Tithe lands let to villages, and worked under the open-field system.
It has been already mentioned that by far the greater part of the cultivated land is not private, but Government property, either miri or wakûf, and that the cultivator is merely the holder. Each district has certain tracts of such lands, and after the rains they are let to the different inhabitants in separate plots. The division is decided by lottery. Herr Schick has given an account of the manner in which this lottery takes place. All those who are desirous of land assemble in the sāha (an open place generally in front of the inns). The Imam, or khatib, who is writer, accountant, and general archivist to the whole village, presides over this meeting. The would-be cultivators notify how many ploughs they can muster. If a man has only a half-share in one, he joins another man with a like share. Then the whole number is divided into classes. Supposing the total number of ploughs to be forty, these would be divided into four classes of ten, and each class would choose a Sheikh to represent them. The land of course varies in quality, and this division into classes makes the distribution simpler. Say there are four classes, the land is divided into four equal portions, so that each class may have good as well as bad. When the Sheikhs have agreed that the division is fair, the lots are drawn. Each of the Sheikhs puts some little thing into the khatib's bag. Then the khatib calls out the name of one of the divisions, and some passing child is [p315] made to draw out one of the things from the bag, and to whichever Sheikh it belongs, to this class belongs the division named by the khatib. This decided, the Sheikhs have to determine the individual distribution of the land. In the case of ten ploughs to a class, they do not each receive a tenth piece of the whole, but, in order to make it as fair as possible, the land is divided into strips, so that each portion consists of a collection of strips in different parts of the village lands.
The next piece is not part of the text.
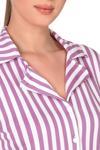 Önden düğmeli gömlek yaka üst ve rahat kalıplı, lastikli bel düz paça alt parça sayesinde hem uyurken hem de evde dinlenirken konforlu bir kullanım sunar.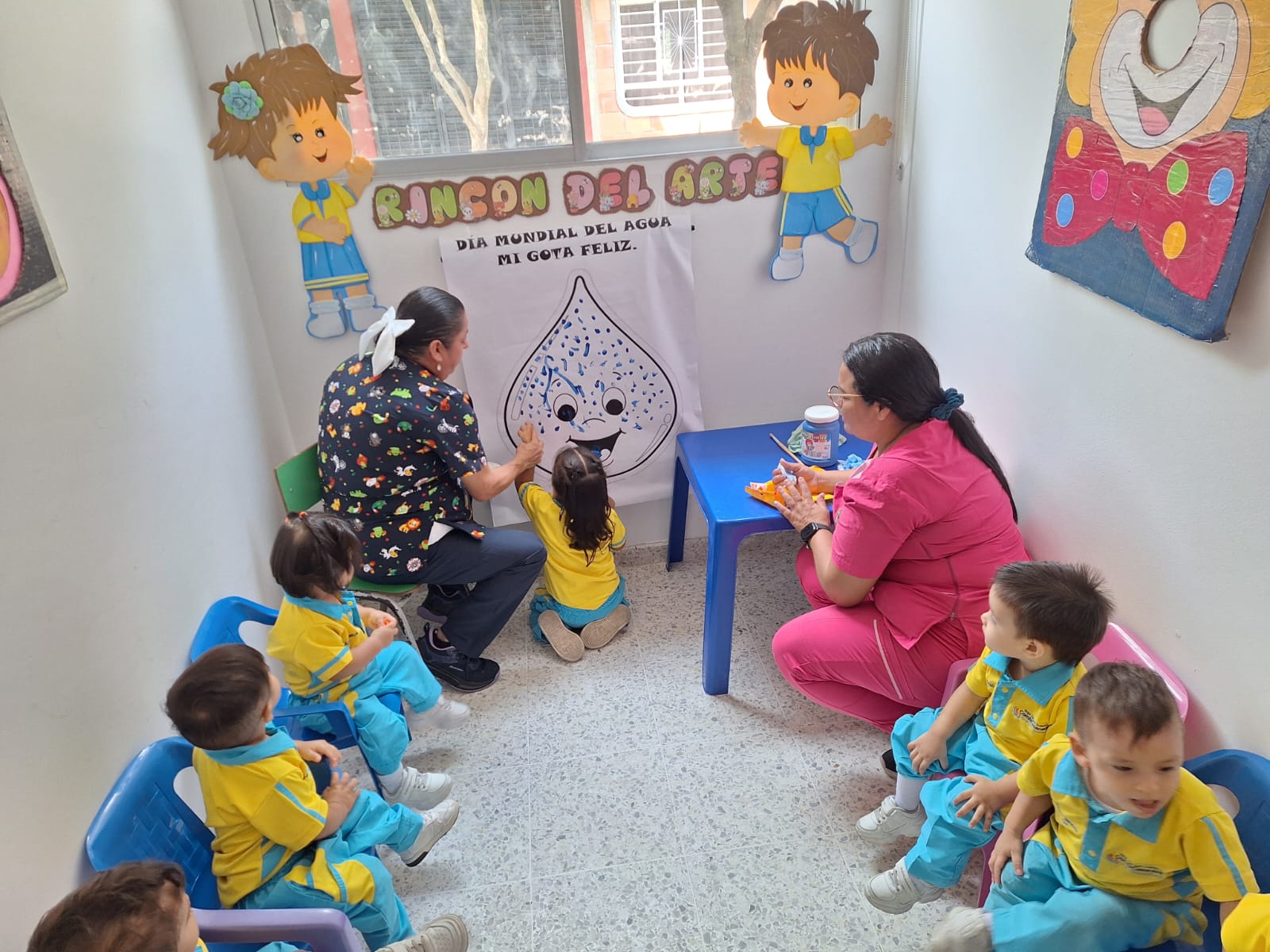 De manera complementaria, a través del juego, la exploración y el aprendizaje significativo, las docentes lideraron en las aulas diversas actividades pedagógicas y lúdicas dirigidas a los niños y niñas, promoviendo desde la primera infancia la valoración, el cuidado y el respeto por el agua, fortaleciendo su conciencia ambiental y su rol como futuros guardianes del planeta.

The boundaries are marked by furrows or stones, and to move a neighbour's landmark is still accounted an 'accursed deed,' as in the days of ancient Israel (Deut. xix. 4). . . .
The measure by which the Fellahin divide their land is the feddân. It is decided by the amount which a man with a yoke of oxen can plough per day, and is therefore a most uncertain measure.
Was it so on the Roman tithe lands?
This description of the mode in which public land in Palestine is often let to individual tenants or to whole villages at a rent of a tenth of the produce, and further, the picture it gives of the cultivation of the land let to a village by those villagers who supply oxen for the ploughing on an open-field system so like that of Western Europe, at least may suggest the possibility of a somewhat similar system having been adopted in the management of the tithe lands of the 'Agri Decumates.'
The allusion to the division of the fields into strips, and to the unit of land measurement being the day's work of a pair of oxen, and, we may add, the use of the same unit of measurement throughout the Turkish Empire,[471] may at least prepare us to find [p316] indications of a somewhat similar system of cultivation on the tithe lands on the Danube and the Rhine when we come to examine their conditions under the early Alamannic and Bavarian laws.
And, lastly, this Eastern illustration of the modern management of 'tithe lands' may help us to give due weight to the suggestion of Sir H. S. Maine[472] that not only on the 'ager publicus,' but even on the Roman provincial villa itself, in the organisation of the mostly barbarian and servile tenants, and of the husbandry, many features may well have been borrowed from ordinary and wide-spread customs of barbarian communities, thus partially explaining what must again and again strike us in this investigation, viz., the ease with which Roman and barbarian elements combined during the later Roman rule of the provinces and afterwards in producing a complex and joint result—the typical manorial estate.
X. THE TRANSITION FROM THE ROMAN TO THE LATER MANORIAL SYSTEM.
Laws of the Alamanni, A.D. 622.
The Alamannic conquest of the province of Germania Prima, including what is now Elsass and the western part of the 'Agri Decumates,' may be described as almost a passive one. The population had long been partly German, and Roman provincial usages can hardly have been altogether supplanted in the fifth century. It was not till the Alamanni were themselves [p317] conquered by the Franks (who had in the meantime become nominally Christian) that their laws were codified. When this took place in the year 622 it was with special reference to the interests of the Church that the laws were framed, just as in the case of the first codification of Anglo-Saxon laws on King Ethelbert becoming a Christian.